The underlying reason self-verification fails: the model that generated the output carries the same biases and context as the model that reviews it. Verification by a fresh model instance, with only the artifact and the success criteria in context, is structurally different from self-review.

Practical implementation: spawn a second agent with the output artifact and the original requirements. Ask whether the output satisfies each requirement. Do not ask “is this good?” Ask “does this satisfy requirement X?” with explicit pass/fail for each.

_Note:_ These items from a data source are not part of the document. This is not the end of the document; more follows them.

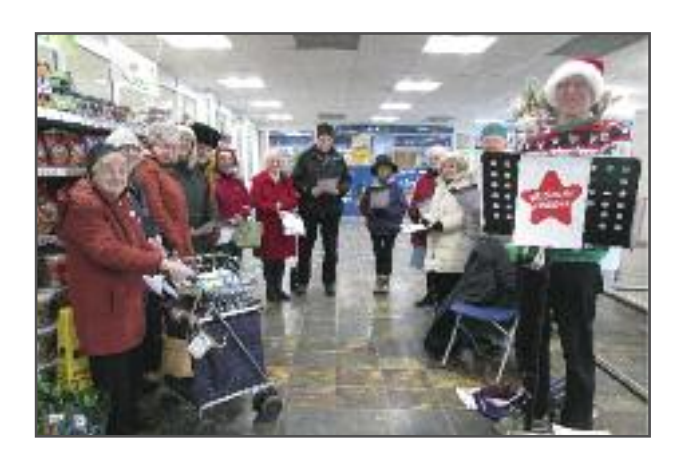
Bath Road Methodist Church and friends singing carols at the Co-op. Thank you to everyone who helped us raise £128 for Action for Children.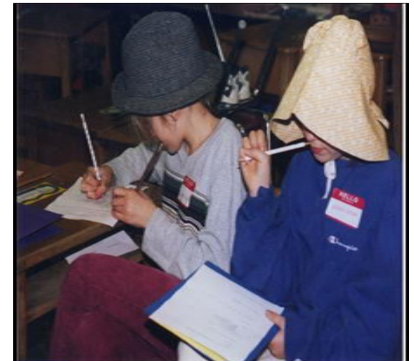
Role playing kids absorbed in character creation!

Ask the students to close their eyes and imagine the craziest creature they can dream up. Maybe it has only one leg, hops over tall buildings, and smells like bubble gum. Students are to write a description of this animal giving as much detail as possible. What does it look like? Where does it live? What sounds does it make? What foods does it eat? Is it fierce or friendly? Then have them write make-believe stories about their pretend creatures.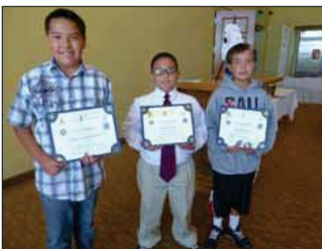
Endeavour School of Exploration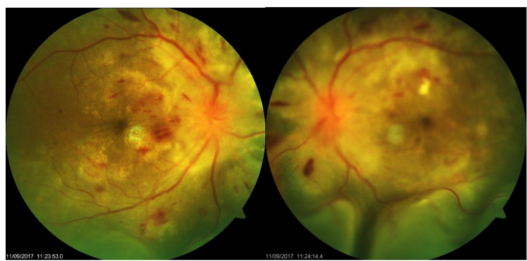
Figure 4. Fundus Photography After 3 Weeks Show Reducing Of Bilateral Disc Edema, Retinal Bleeding, And Exudative Retinal Detachment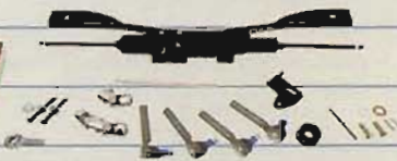
1968-70 Rack and Pinion Kit Part #: 800088001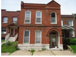
3229 Pennsylvania Ave 2-family, 1320 sq. ft. - $3,000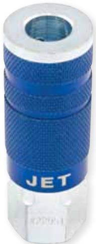
L TYPE COUPLER - FEMALE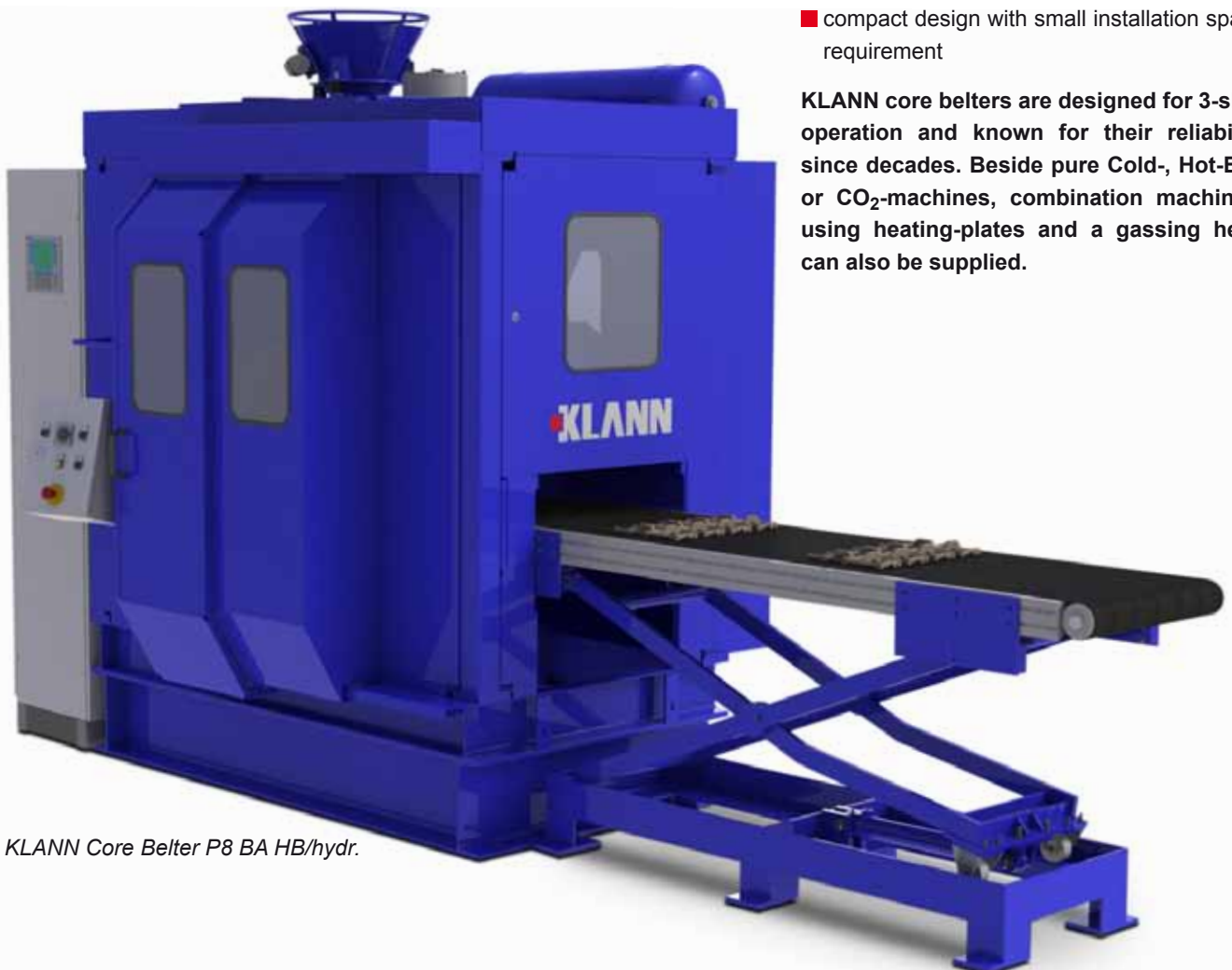
KLANN Core Belter P8 BA HB/hydr.

KLANN core belters are designed for 3-shift operation and known for their reliability since decades. Beside pure Cold-, Hot-Box or CO 2 -machines, combination machines, using heating-plates and a gassing head can also be supplied.

This does not eliminate hallucination; it catches the subset of hallucinations that are inconsistent with the stated requirements. For catching hallucinations that are internally consistent but factually wrong, you need domain-specific test cases.


User instruction
┌─────────────────────────────────────────────────────────────────┐
│ HARNESS │
│ │
│ ┌─────────────┐ ┌──────────────┐ ┌───────────────┐ │
│ │ Context │ │ While-Loop │ │ Permission │ │
│ │ Management │◄────►│ Engine │◄────►│ Enforcement │ │
│ └─────────────┘ └──────┬───────┘ └───────────────┘ │
│ │ │
│ ┌─────────────┐ ┌──────▼───────┐ ┌───────────────┐ │
│ │ Session │ │ Dynamic │ │ Lifecycle │ │
│ │ Persistence │◄────►│ Prompt │◄────►│ Hooks │ │
│ └─────────────┘ │ Assembly │ └───────────────┘ │
│ └──────┬───────┘ │
│ ┌─────────────┐ │ ┌───────────────┐ │
│ │ Tool │ ┌──────▼───────┐ │ Sub-Agent │ │
│ │ Registry │◄────►│ LLM Call │◄────►│ Management │ │
│ └─────────────┘ └──────────────┘ └───────────────┘ │
│ │
│ ┌─────────────┐ │
│ │ Built-in │ │
│ │ Skills │ │
│ └─────────────┘ │
└─────────────────────────────────────────────────────────────────┘
┌──────────────┐ ┌──────────────┐ ┌──────────────────┐
│ Sandbox │ │ Identity │ │ Observability │
│ (E2B/k8s/ │ │ Gateway │ │ (OTel + eval) │
│ Northflank) │ │(Strata/Entra)│ │ │
└──────────────┘ └──────────────┘ └──────────────────┘


Last updated: May 2026. arXiv 2605.18747 (Code as Agent Harness) is the primary academic source for the three properties. Martin Fowler’s Harness Engineering article is the primary practitioner reference. Both were published in 2025-2026.